16 Oct, 2020

1 commit


11 Oct, 2020

2 commits

  • The msk can close MP_JOIN subflows if the initial handshake
    fails. Currently such subflows are kept alive in the
    conn_list until the msk itself is closed.

    Beyond the wasted memory, we could end-up sending the
    DATA_FIN and the DATA_FIN ack on such socket, even after a
    reset.

    Fixes: 43b54c6ee382 ("mptcp: Use full MPTCP-level disconnect state machine")
    Reviewed-by: Mat Martineau
    Signed-off-by: Paolo Abeni
    Signed-off-by: Jakub Kicinski

    Paolo Abeni
     
  • Additional/MP_JOIN subflows that do not pass some initial handshake
    tests currently causes fallback to TCP. That is an RFC violation:
    we should instead reset the subflow and leave the the msk untouched.
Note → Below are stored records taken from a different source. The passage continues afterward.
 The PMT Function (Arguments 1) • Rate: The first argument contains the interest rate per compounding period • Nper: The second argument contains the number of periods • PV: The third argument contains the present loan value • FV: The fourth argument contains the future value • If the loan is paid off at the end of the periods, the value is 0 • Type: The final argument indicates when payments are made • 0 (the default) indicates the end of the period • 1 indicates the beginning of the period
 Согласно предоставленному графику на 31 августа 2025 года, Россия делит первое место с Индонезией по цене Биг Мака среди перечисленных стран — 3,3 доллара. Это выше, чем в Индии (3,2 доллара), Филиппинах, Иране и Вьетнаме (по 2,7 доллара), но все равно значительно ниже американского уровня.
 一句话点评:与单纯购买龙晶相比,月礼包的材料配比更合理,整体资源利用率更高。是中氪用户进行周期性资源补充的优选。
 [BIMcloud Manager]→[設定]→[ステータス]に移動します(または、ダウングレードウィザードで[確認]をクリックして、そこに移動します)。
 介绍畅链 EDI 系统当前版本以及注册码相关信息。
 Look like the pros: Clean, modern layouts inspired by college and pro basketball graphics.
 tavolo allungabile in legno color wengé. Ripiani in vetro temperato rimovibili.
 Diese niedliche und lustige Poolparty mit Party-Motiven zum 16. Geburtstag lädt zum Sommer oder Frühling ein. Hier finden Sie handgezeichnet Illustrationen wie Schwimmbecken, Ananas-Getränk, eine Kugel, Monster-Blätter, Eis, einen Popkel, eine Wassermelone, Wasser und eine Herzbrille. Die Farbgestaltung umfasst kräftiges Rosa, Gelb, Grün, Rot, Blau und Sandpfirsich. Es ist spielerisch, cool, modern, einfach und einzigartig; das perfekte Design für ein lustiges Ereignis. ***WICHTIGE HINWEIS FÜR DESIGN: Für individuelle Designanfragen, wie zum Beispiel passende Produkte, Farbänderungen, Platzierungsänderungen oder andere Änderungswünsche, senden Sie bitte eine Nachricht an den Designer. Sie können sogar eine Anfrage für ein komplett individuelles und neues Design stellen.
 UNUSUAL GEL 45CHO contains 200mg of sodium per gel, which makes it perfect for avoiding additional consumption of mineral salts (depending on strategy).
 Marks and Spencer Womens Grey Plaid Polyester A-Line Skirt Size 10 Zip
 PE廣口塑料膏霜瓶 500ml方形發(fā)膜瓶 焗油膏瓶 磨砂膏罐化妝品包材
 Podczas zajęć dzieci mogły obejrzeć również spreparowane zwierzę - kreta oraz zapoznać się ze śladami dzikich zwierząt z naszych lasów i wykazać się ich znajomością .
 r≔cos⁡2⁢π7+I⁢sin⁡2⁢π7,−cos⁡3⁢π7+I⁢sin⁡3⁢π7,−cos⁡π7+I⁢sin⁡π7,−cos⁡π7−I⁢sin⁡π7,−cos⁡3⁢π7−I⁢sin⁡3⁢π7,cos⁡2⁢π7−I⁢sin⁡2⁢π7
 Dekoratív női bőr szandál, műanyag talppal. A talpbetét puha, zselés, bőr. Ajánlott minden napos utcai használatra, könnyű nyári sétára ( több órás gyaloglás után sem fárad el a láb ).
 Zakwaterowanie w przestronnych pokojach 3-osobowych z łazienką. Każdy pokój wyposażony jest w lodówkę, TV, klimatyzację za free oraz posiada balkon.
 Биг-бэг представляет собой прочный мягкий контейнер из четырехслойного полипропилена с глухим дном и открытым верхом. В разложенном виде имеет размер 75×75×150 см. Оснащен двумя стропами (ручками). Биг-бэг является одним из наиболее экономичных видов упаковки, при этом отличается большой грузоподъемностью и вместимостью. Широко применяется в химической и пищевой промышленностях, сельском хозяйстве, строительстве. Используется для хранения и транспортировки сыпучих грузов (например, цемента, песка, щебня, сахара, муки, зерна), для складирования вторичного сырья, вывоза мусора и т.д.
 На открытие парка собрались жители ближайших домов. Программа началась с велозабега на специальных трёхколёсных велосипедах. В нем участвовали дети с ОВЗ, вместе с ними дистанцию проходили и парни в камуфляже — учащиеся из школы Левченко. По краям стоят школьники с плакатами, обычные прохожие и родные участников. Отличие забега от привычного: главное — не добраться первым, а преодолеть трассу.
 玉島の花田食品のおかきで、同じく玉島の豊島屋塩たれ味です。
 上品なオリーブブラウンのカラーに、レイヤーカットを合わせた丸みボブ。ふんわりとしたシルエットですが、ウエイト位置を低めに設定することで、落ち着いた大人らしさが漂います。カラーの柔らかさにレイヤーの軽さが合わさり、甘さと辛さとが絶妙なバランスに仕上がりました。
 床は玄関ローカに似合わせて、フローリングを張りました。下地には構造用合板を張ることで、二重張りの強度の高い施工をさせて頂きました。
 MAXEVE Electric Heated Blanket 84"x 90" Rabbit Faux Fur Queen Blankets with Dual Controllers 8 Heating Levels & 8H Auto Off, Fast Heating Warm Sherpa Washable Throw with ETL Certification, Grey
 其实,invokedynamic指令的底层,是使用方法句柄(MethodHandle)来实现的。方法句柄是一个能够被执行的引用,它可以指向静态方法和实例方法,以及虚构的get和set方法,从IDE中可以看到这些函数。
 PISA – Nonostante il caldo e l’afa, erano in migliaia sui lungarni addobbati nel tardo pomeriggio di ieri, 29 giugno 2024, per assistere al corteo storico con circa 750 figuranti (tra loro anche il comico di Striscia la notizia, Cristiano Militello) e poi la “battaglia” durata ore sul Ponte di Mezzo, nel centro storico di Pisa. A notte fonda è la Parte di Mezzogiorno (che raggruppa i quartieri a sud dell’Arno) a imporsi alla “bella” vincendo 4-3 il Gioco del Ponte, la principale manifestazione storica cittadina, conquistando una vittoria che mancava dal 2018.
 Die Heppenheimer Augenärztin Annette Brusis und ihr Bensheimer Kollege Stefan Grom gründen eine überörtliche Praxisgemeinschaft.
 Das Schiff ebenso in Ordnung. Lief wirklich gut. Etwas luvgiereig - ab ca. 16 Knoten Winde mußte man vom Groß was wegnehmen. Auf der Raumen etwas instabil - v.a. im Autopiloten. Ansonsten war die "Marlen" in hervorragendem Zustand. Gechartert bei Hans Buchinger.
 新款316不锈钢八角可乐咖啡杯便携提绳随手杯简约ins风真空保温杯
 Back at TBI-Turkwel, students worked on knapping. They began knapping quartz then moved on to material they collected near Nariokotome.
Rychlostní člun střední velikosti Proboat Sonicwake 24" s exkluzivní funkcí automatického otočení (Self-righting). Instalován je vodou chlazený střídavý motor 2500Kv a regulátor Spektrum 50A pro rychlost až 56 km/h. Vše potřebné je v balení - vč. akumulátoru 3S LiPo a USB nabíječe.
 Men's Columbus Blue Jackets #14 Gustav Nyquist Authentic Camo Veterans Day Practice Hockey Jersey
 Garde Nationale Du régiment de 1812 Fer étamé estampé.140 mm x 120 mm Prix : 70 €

    Closes: https://github.com/multipath-tcp/mptcp_net-next/issues/91
    Fixes: f296234c98a8 ("mptcp: Add handling of incoming MP_JOIN requests")
    Reviewed-by: Mat Martineau
    Signed-off-by: Paolo Abeni
    Signed-off-by: Jakub Kicinski

    Paolo Abeni
     

09 Oct, 2020

1 commit

  • using packetdrill it's possible to observe the same MPTCP DSN being acked
    by different subflows with DACK4 and DACK8. This is in contrast with what
    specified in RFC8684 §3.3.2: if an MPTCP endpoint transmits a 64-bit wide
    DSN, it MUST be acknowledged with a 64-bit wide DACK. Fix 'use_64bit_ack'
    variable to make it a property of MPTCP sockets, not TCP subflows.

    Fixes: a0c1d0eafd1e ("mptcp: Use 32-bit DATA_ACK when possible")
    Acked-by: Paolo Abeni
    Signed-off-by: Davide Caratti
    Reviewed-by: Mat Martineau
    Signed-off-by: Jakub Kicinski

    Davide Caratti
     

06 Oct, 2020

1 commit


04 Oct, 2020

1 commit

  • The MPTCP ADD_ADDR suboption with echo-flag=1 has no HMAC, the size is
    smaller than the one initially sent without echo-flag=1. We then need to
    use the correct size everywhere when we need this echo bit.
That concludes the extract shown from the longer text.